Schultz, who attends City Church Eastside in Atlanta, had attempted other outdoor murals but this was the largest to date. “I brought my studio out into the streets — and initially I wasn’t sure I could do it,” she said. The Beltline project provided some funds for the mural, but Schultz also raised $4,000 through a GoFundMe campaign to defray the costs of power washing the tunnel wall, priming it, and painting it.

A New Method of Working 

“I seek figures and faces that seem to be familiar with the tensions of life. That bear some battle scars. And yet, have
victory, even if a crippled or limping one.”

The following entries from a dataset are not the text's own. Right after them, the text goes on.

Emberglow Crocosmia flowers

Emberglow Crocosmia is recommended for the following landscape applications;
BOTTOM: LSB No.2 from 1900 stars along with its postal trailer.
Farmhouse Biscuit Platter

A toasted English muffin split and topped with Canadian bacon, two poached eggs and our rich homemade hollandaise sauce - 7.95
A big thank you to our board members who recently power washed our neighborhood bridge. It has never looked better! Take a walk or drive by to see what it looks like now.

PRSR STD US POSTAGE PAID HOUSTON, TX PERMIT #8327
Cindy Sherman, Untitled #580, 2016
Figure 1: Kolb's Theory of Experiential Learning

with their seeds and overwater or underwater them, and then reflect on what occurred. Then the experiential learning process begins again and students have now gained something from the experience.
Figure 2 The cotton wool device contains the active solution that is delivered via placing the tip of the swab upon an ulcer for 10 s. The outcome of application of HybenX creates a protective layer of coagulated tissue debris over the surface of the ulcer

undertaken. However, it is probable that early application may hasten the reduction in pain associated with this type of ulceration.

The month-long project brought with it both the logistical challenge of painting several stories high and the difficulty of achieving the right scale and proportion in the oversized image. Because she could not frequently step back to observe her progress and make adjustments, Schultz developed a new method of working — constructing a grid from her original photo of the subject and then taking a picture of each day’s work to compare it to the reference photo.

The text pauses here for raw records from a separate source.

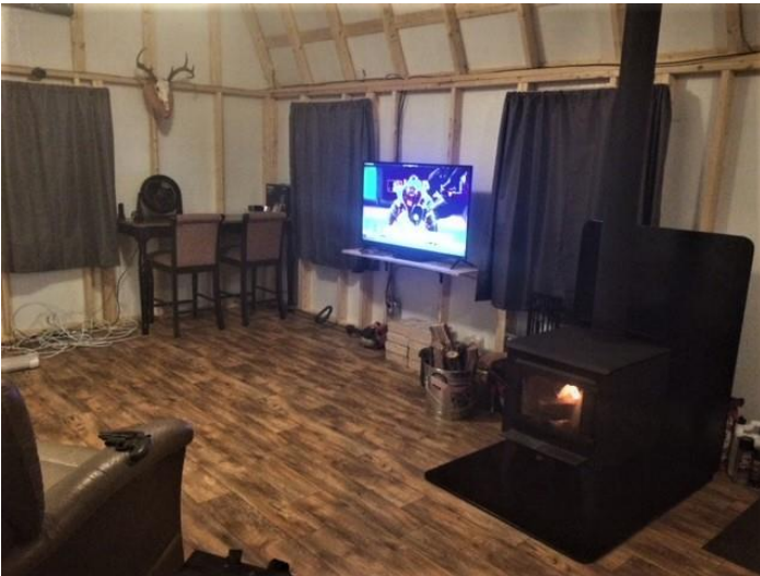
Group Area on Main Level of Cabin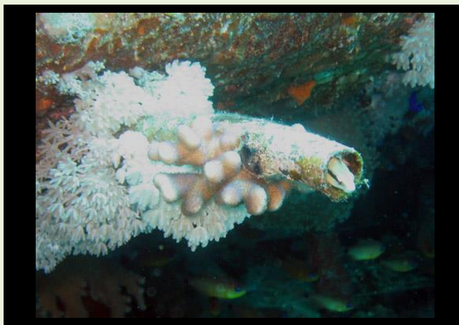
Gobi hiding in the end of a pipe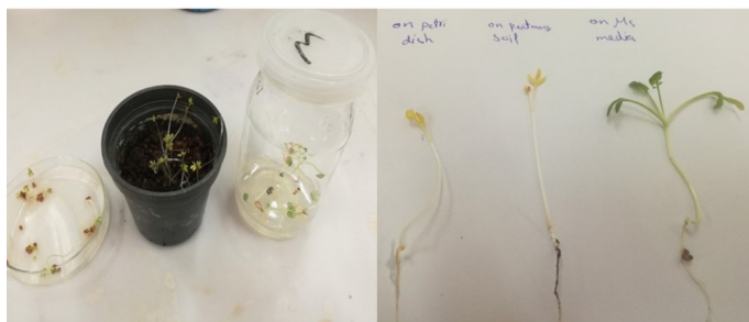
Figure 1. Morphology of Lepidium sativum plant on different growth conditions

The L. sativum plant is an essential edible and medicinal plant. Its growth on the different growth media is shown in Figure 1 inside each medium and outside.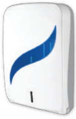
Model: 5 Fold HT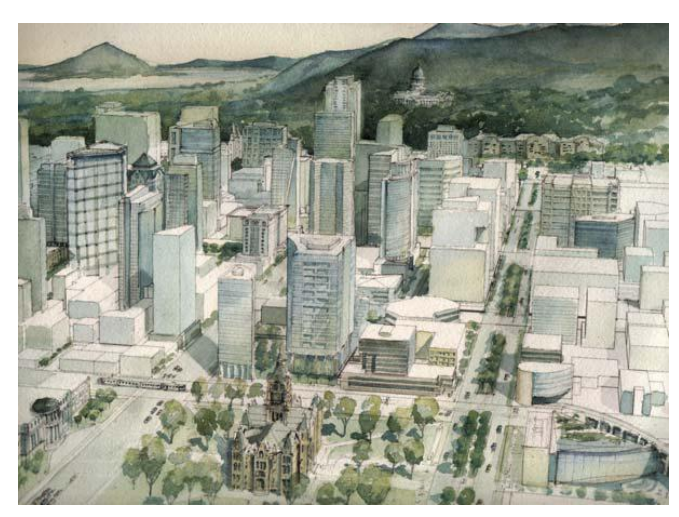
Artist: Paul Brown

Little America Hotel is located downtown, at 500 South Main Street, in Salt Lake City. The annual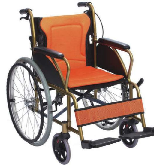
➤ BT911: Aluminum wheelchair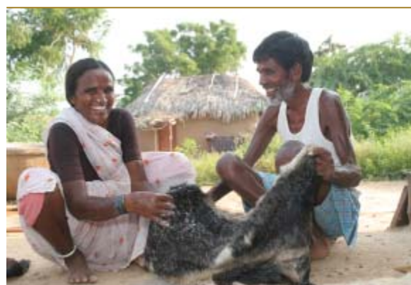
There is a gradual change in gender relations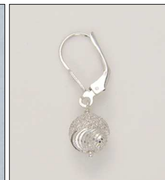
ER181624S8M3T WT: 2.45 gm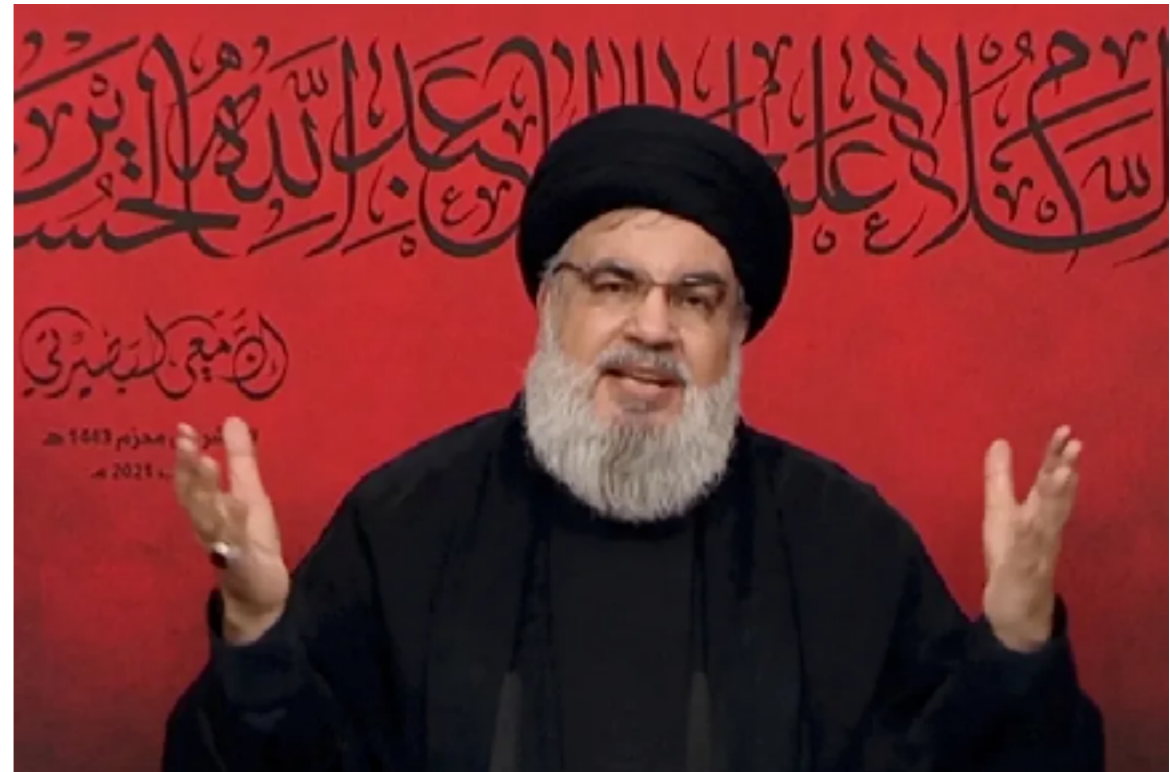
Hassan Nasrallah, General Secretary of Hezbollah prior to his death.

White House: "Hassan Nasrallah and the terrorist group he led, Hezbollah, were responsible for killing hundreds of Americans"

Schultz’s mural depicts her African-American neighbor singing intently with his eyes closed and is based on a photograph Schultz took in her studio: “He filled the studio with gospel songs, with a voice that was strong and emotional,” Shultz said. “I was determined to bring the beauty of those songs, and the healing energy he brought into my studio, to this mural.”

An Unlikely Path 

Though Schultz’s mother was an artist, she did not initially pursue a creative path. Instead after college she taught high school math for four years before traveling to Poland for a 15-month program with Campus Crusade for Christ.

It was there that she confronted something unexpected. “I noticed that because people didn’t have much there, they made things for each other as gifts. I saw culture as more a part of everyday life — and not an occasional event to attend.”

When she returned from Poland she switched tracks and began working for MTW’s marketing department as a day job, and began exploring painting on the side. Her skills grew, and in 1995 she began to pursue painting as a full-time career.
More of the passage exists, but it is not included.